[Given records]
---+---

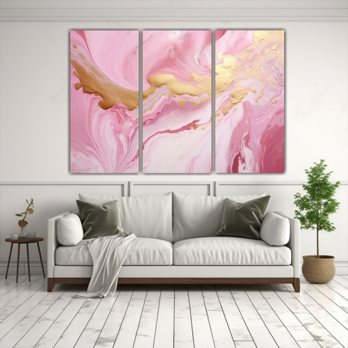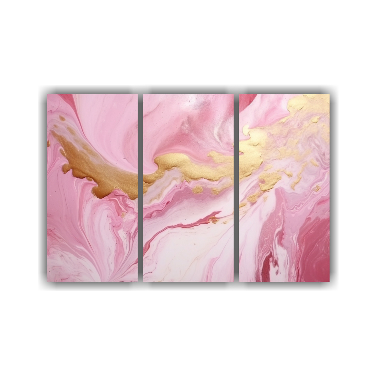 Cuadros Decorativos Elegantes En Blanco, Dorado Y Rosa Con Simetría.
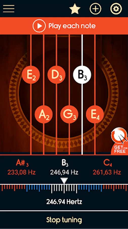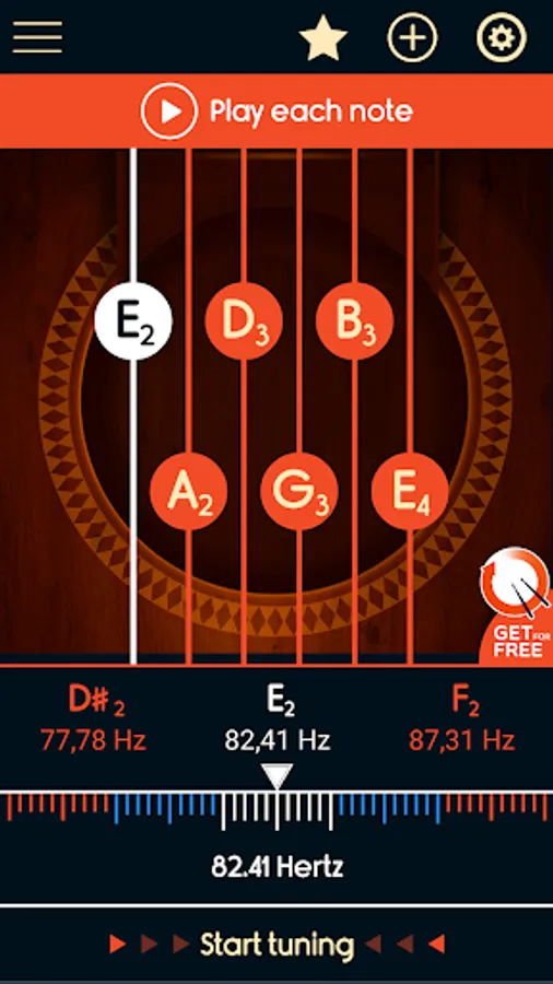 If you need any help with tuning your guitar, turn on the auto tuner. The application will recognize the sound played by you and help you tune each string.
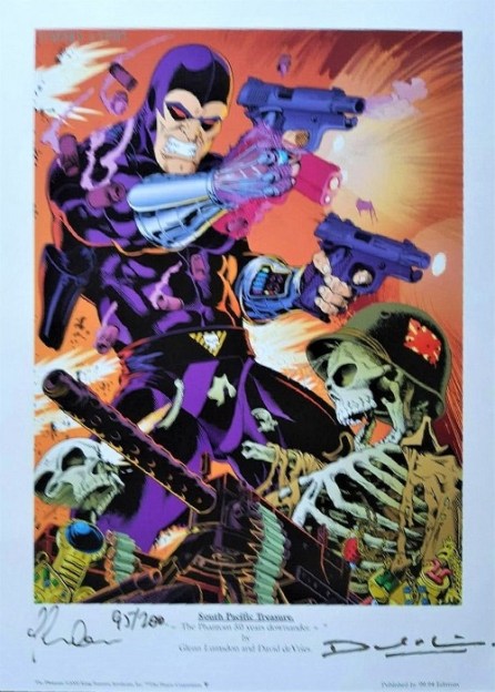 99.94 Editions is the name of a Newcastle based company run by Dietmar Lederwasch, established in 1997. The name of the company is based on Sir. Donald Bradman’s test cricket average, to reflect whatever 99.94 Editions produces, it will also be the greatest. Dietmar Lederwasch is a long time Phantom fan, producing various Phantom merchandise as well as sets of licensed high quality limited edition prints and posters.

---+---

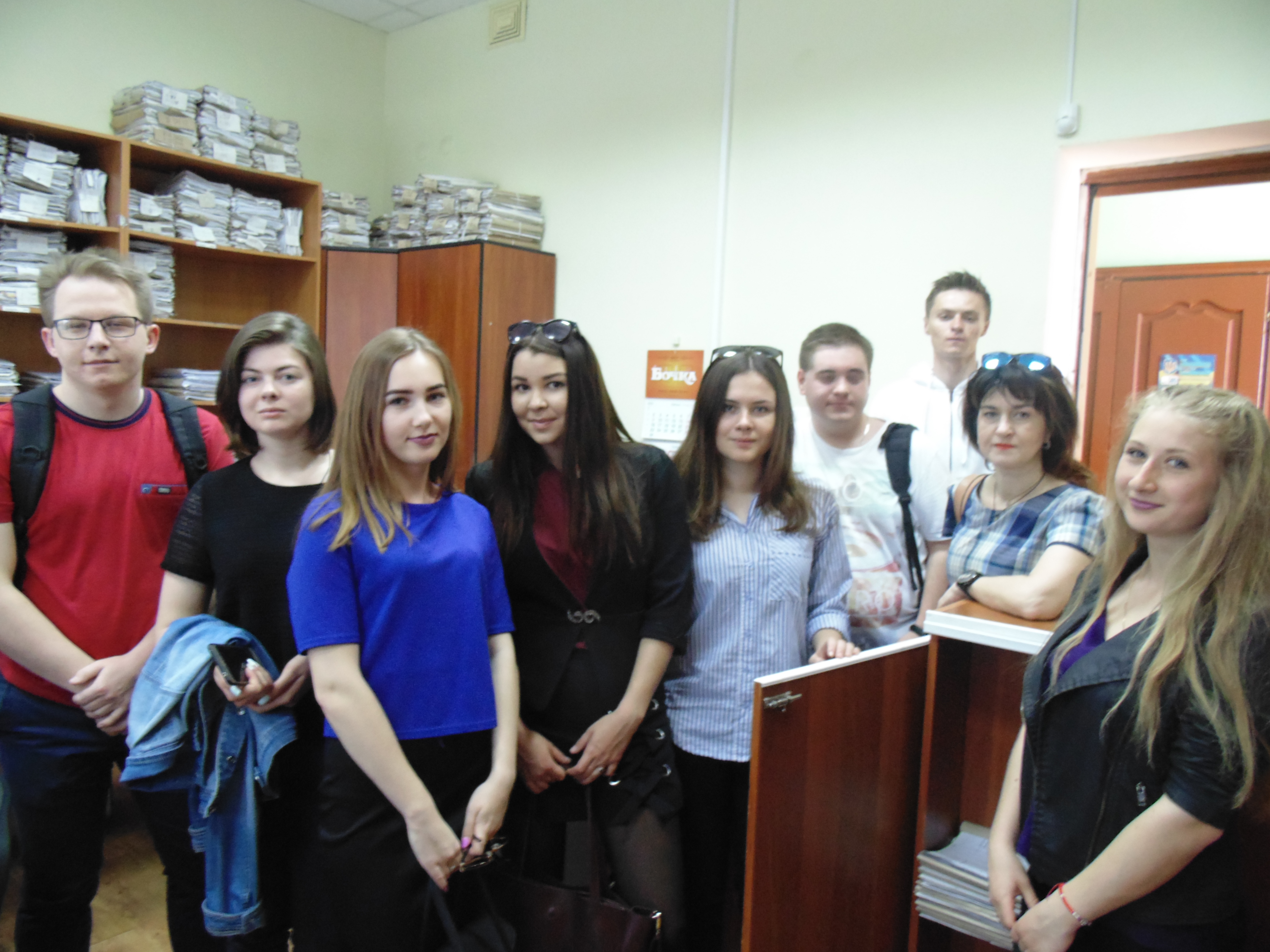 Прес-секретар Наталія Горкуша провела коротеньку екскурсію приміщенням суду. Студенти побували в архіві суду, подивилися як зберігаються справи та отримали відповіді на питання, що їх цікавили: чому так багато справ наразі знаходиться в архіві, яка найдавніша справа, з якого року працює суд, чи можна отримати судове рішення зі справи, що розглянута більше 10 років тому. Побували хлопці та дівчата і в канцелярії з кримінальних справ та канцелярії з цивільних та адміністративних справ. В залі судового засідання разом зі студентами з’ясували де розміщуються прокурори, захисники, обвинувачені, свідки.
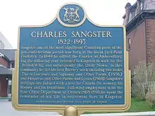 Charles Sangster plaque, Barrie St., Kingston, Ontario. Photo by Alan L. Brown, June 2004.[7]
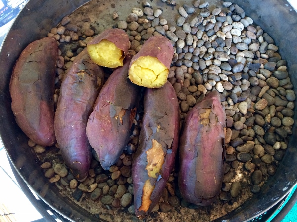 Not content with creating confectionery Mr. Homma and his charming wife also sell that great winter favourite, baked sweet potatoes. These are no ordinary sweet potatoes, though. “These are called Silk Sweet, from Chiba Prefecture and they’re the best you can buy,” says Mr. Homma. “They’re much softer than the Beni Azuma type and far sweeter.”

---+---

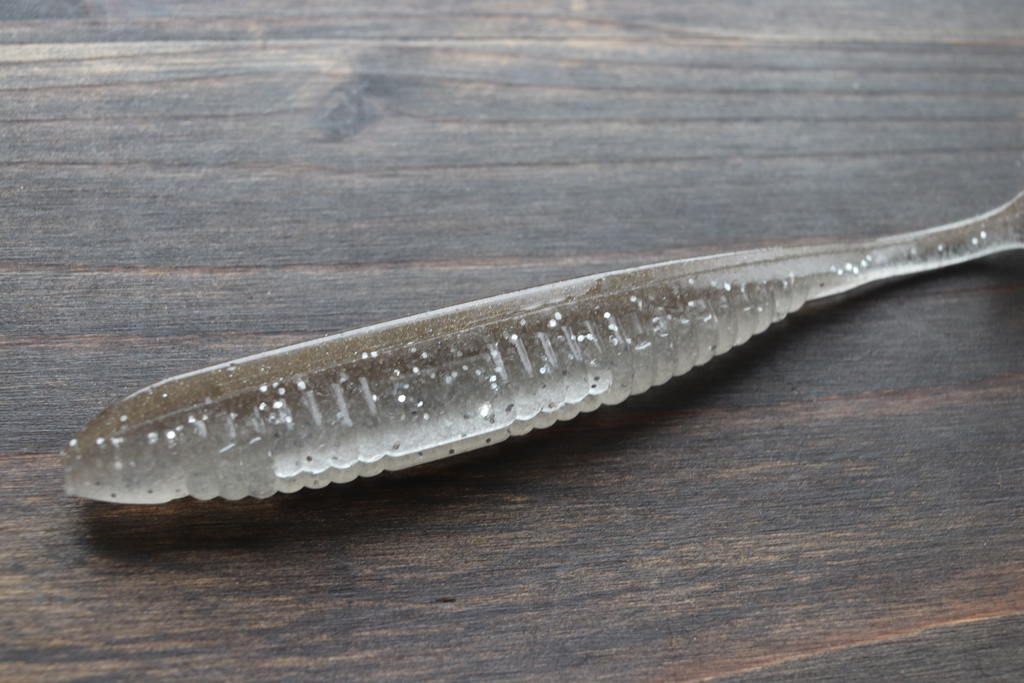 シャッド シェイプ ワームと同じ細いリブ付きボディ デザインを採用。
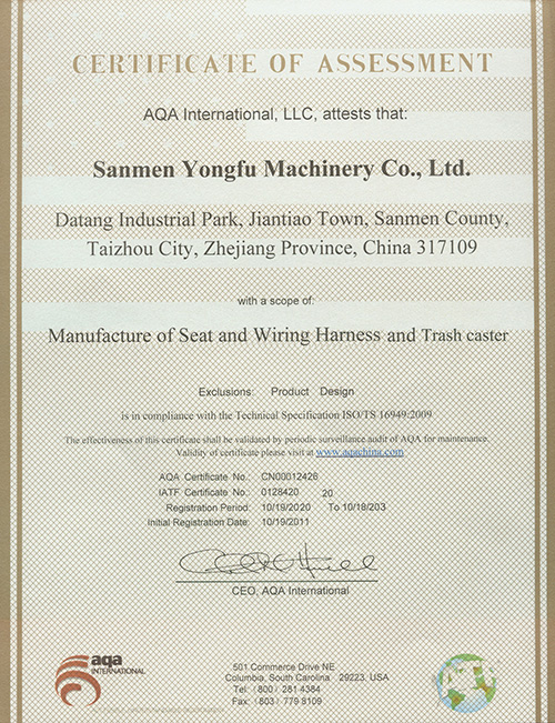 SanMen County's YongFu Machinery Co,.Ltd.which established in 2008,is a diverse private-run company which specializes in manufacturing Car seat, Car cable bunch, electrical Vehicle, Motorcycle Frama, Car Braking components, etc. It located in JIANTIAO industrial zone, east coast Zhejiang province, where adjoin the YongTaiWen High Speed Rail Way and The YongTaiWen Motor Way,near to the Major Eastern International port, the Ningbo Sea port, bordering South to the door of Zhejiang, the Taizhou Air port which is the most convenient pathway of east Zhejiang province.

---+---

[What to work on]
In the data above, find the line containing "If you need" and the line containing "99.94 Editions is". Repeat those two lines and everything between them exactly, minus the pictures.

[Problem solution]
 If you need any help with tuning your guitar, turn on the auto tuner. The application will recognize the sound played by you and help you tune each string.
 99.94 Editions is the name of a Newcastle based company run by Dietmar Lederwasch, established in 1997. The name of the company is based on Sir. Donald Bradman’s test cricket average, to reflect whatever 99.94 Editions produces, it will also be the greatest. Dietmar Lederwasch is a long time Phantom fan, producing various Phantom merchandise as well as sets of licensed high quality limited edition prints and posters.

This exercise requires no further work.